In rosedb, if the default disk flushing strategy is adopted when writing data, the data is written to the operating system page cache, but actually does not fall on the disk. If the operating system does not have time to brush the page cache data to disk, it will cause data loss. In this way, although the persistence cannot be fully guaranteed, the performance is relatively better, because sync disk brushing is an extremely slow operation.

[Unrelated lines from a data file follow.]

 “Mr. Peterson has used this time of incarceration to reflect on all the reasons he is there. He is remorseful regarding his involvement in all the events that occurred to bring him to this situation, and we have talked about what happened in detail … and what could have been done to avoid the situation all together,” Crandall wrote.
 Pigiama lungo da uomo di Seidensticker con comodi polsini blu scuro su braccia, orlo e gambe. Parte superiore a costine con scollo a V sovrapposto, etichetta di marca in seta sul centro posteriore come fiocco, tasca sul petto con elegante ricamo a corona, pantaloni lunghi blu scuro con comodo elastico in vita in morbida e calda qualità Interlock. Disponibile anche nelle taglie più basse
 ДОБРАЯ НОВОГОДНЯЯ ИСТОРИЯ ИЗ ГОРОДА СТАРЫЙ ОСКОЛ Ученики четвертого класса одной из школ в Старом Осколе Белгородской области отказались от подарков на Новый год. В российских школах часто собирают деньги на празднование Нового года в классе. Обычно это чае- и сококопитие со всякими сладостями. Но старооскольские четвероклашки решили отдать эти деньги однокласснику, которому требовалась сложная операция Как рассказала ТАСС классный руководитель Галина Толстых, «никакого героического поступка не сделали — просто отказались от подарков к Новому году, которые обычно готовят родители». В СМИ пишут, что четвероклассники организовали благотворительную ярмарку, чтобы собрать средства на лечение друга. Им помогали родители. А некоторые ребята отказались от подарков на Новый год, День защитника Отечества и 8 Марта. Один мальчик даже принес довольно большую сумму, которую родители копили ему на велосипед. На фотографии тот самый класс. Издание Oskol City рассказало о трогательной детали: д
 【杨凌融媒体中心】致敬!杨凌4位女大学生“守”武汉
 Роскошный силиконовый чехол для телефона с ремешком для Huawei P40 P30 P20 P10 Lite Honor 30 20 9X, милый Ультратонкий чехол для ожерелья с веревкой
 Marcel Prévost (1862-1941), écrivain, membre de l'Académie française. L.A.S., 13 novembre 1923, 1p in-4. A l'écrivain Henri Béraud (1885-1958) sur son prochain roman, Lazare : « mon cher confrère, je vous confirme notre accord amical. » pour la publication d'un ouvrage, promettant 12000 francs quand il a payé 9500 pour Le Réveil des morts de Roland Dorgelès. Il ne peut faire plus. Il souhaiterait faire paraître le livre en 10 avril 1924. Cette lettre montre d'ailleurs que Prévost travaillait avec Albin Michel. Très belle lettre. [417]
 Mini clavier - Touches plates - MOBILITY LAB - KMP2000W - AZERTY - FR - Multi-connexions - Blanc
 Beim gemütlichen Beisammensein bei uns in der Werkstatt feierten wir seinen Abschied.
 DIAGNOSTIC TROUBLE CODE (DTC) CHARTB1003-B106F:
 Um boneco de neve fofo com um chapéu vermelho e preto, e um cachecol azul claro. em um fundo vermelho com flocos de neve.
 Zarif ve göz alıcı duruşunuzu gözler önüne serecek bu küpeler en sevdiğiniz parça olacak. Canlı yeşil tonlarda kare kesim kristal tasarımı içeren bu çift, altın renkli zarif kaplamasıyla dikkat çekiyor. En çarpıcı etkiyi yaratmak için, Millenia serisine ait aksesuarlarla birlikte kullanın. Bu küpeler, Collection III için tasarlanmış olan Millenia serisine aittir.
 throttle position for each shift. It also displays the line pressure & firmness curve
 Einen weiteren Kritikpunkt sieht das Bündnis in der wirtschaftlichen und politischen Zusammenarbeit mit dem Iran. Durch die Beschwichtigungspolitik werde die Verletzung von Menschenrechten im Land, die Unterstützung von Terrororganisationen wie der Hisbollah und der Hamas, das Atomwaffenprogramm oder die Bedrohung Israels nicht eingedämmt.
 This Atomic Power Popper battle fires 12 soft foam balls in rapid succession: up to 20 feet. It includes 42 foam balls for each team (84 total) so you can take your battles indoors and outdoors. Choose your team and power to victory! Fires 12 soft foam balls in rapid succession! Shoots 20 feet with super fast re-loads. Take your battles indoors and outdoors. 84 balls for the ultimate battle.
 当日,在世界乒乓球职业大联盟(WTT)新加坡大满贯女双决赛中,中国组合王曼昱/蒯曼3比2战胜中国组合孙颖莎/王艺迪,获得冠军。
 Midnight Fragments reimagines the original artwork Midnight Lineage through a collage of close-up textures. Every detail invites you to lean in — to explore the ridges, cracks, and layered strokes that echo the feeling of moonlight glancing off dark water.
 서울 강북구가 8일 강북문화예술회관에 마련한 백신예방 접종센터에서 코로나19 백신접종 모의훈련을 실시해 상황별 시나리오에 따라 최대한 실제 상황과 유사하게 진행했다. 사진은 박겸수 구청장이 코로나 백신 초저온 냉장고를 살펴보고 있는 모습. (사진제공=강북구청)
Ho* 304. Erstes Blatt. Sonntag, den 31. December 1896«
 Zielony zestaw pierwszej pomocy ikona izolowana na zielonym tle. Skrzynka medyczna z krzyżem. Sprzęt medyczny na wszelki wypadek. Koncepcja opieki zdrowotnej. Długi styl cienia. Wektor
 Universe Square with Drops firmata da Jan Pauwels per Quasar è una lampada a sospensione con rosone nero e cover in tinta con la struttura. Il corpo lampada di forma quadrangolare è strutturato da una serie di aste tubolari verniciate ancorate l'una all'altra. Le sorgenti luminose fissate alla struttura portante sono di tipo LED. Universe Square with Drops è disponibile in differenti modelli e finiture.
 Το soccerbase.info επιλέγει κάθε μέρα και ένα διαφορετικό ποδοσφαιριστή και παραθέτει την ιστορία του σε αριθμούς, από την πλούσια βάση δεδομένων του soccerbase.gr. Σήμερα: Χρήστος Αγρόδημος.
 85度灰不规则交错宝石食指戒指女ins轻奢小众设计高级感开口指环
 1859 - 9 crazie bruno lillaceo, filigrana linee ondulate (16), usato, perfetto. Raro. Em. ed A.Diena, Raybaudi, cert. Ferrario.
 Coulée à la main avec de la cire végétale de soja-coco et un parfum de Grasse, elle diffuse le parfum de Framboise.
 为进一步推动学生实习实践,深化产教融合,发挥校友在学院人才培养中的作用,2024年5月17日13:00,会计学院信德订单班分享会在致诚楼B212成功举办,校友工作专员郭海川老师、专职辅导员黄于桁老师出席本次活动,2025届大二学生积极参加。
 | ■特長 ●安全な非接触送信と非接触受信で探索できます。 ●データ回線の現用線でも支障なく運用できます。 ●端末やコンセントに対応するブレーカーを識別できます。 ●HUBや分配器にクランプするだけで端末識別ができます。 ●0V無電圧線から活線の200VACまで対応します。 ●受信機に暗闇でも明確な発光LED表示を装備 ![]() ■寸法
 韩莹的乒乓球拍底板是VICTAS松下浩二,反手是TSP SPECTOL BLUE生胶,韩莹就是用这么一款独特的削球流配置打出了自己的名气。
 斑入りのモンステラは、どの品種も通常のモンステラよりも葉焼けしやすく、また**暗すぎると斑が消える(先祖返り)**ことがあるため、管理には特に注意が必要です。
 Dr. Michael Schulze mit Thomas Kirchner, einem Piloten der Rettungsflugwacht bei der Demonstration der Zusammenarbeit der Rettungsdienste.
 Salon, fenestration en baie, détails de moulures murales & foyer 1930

If the configuration item sync is specified as true when starting rosedb, it will be forced to sync every write, which can ensure no data loss, but the write performance will be reduced.

The actual choice can be made according to your own use scenario. If the system is stable, requires high performance, and can tolerate the loss of a small amount of data, you can use the default strategy, that is, sync is false, otherwise you can force the disk to be swiped.

4、 Defect

Through the above simple analysis, we can see that rosedb has basically realized the aid feature of transactions. On the whole, it is very simple, easy to learn and use, and can be well understood for further expansion. Of course, there are also some defects to be solved.

The first is the isolation level mentioned above. At present, this method is too simple. It uses a global big lock to achieve serialization. In the future, we can consider locking only a key that needs to be operated to reduce the granularity of the lock.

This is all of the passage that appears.